Wednesday, April 21, 2010

Daisy Miller and Doubt

Now that I have Netflix, I’ve been watching a lot of movies, some of which remind me of famous books (see previous post). This time it was the 2008 film Doubt about a very severe nun who accuses a priest of child abuse on very flimsy, though compelling, evidence. The priest resigns his position, which the nun takes as his confession, but in the end she breaks down and confesses to another nun that she has “such doubt” about his guilt.

Most friends that I talked to about the film thought the priest was guilty, but I was not so sure; indeed, at the end of the film, I leaned toward his innocence, at least in this case.

The film is deliberately ambiguous, as are many great works of literature. I was struck by the theme of gossip and the use of the wind blowing around the autumn leaves as a symbol of suspicious talk, speculation, and allegations about others based on ambiguous appearances.

I was reminded of the 1878 novella Daisy Miller by Henry James about a young American woman in Europe who is destroyed by malicious gossip about her sexual activity, gossip that is based on unconventional, but completely harmless, behavior.

Daisy dies of malaria, which she catches while out at night unchaperoned with a man at the Roman Coliseum. Literally, “malaria” means “bad air,” a symbol, like the wind in Doubt, of malicious gossip. Like those who were sacrificed in public at the ancient Coliseum, Daisy serves as a modern-day sacrificial victim of social judgment.

Whenever I have taught the book, it has stirred heated discussion, some seeing Daisy as an innocent victim, others seeing her as a shameless “flirt” and “tease,” if not entirely a “slut.” Some readers complain about the ambiguity: “Why can’t he say what he means?” “Why leave us in such doubt?”

Indeed, what is the value of ambiguity and doubt, whether it be in literature or film? My answer is that the fictional situation is a rehearsal, if you will, or reenactment, of our actual life experience, so often full of ambiguity and doubt, despite our frequent, sometimes desperate, clinging to certainty.

Sunday, April 11, 2010

Heart of Darkness, Apocalypse Now, and The Last King of Scotland

Speaking of Westerners seeking adventure in non-Western countries (see previous post), I recently watched The Last King of Scotland, a film based on the book about Uganda by Giles Foden, and was reminded of the novel Heart of Darkness by Joseph Conrad. When I googled the two titles, I got 12,400 hits.
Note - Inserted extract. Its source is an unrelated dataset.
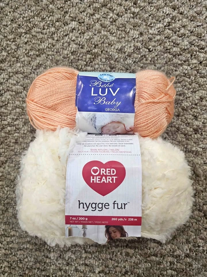 Soft yarn for your next project! This listing has two brand new skeins of yarn. One is Red Heart Hygge Fur in off-white, The other is Bebe Luv Baby yarn in a light peach color. Selling together only.

When I googled those two titles along with Apocalypse Now, a contemporary film roughly based on Heart of Darkness, I got 820 hits. Obviously, I am hardly the first to see the parallels between Conrad’s 1899 novel about the Belgian Congo, the 1979 film about the Vietnam War, and the 2006 film about brutal Ugandan dictator Idi Amin.
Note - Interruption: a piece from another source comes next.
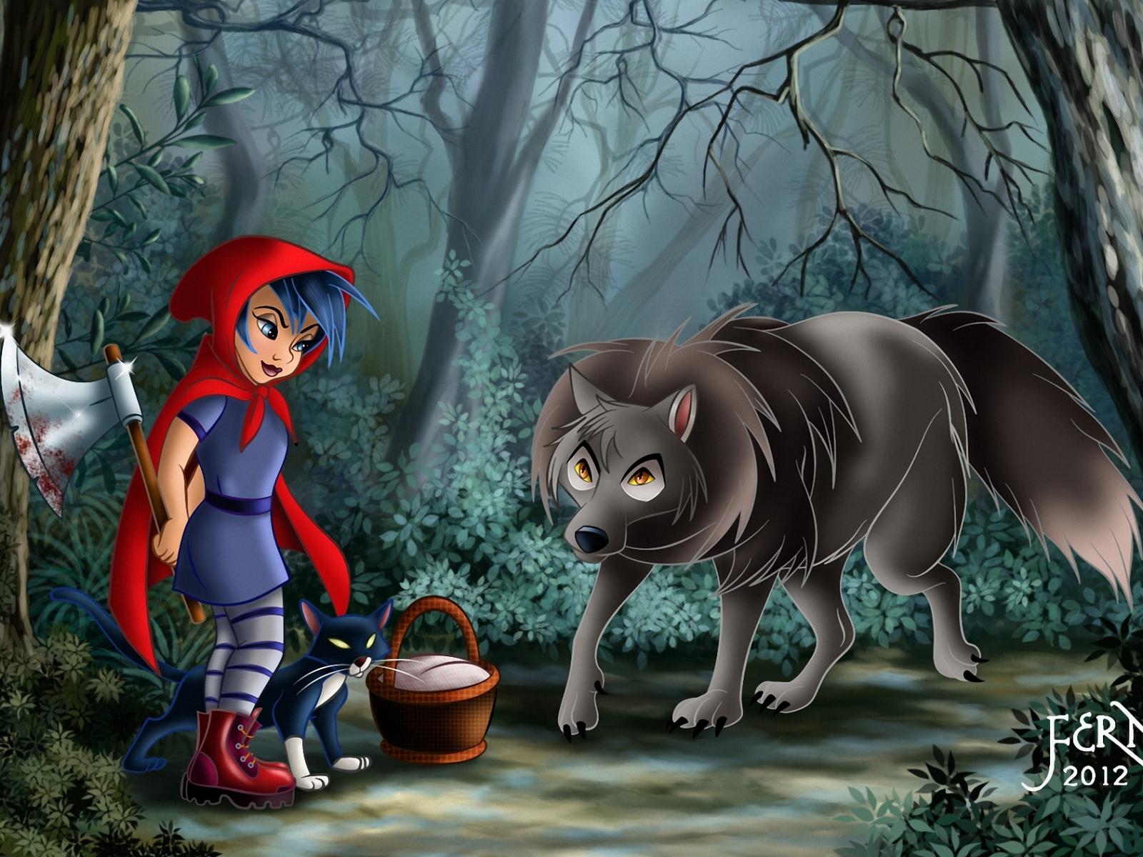 Wallpaper Wolf drinking coffee with Little Red Riding Hood

All three feature a white Western male who goes to a non-Western country and confronts, not only the “darkness” to be found in a foreign land but the darkness to be found in his own heart. Critics have long debated whether Kurtz’s final words “The horror! The horror!” in Heart of Darkness refer to the native culture, European imperialism, human corruption, or all three. Both he and Colonel Kurtz in Apocalypse Now lead Western expeditions into non-Western territories under banners of heroic idealism and proceed to self-destruct as they confront their own roles in the raw exploitation of native resources, culture, and people.

In The Last King of Scotland a Scottish doctor exploits post-colonial Uganda to satisfy his own fantasies of adventure, accidently becomes the private physician to Idi Amin, and finds himself an unwitting accessory to the brutal dictator’s savage murder of his own people.

Despite the differences, all three works dramatize the disillusionment that ensues when the white Western “heroes” discover their own human capacity for corruption and, by implication, the capacity of their Western homelands for exploitation and brutality under the guise of idealism and innocence.

Similarly, Heart of Darkness, a classic Western novel that confronts the universal theme of the darkness in the human heart and the political theme of evil in the heart of Western imperialism, has itself been critiqued as a literary masterpiece that perpetuates the racist attitudes and stereotypes of its day.

To what extent does The Last King of Scotland, by focusing on the horrific acts of Idi Amin, perpetuate the popular and well established Western myth of African savagery? By comparison, The Camel Bookmobile (see previous post) offers a much more balanced view of the non-Western world.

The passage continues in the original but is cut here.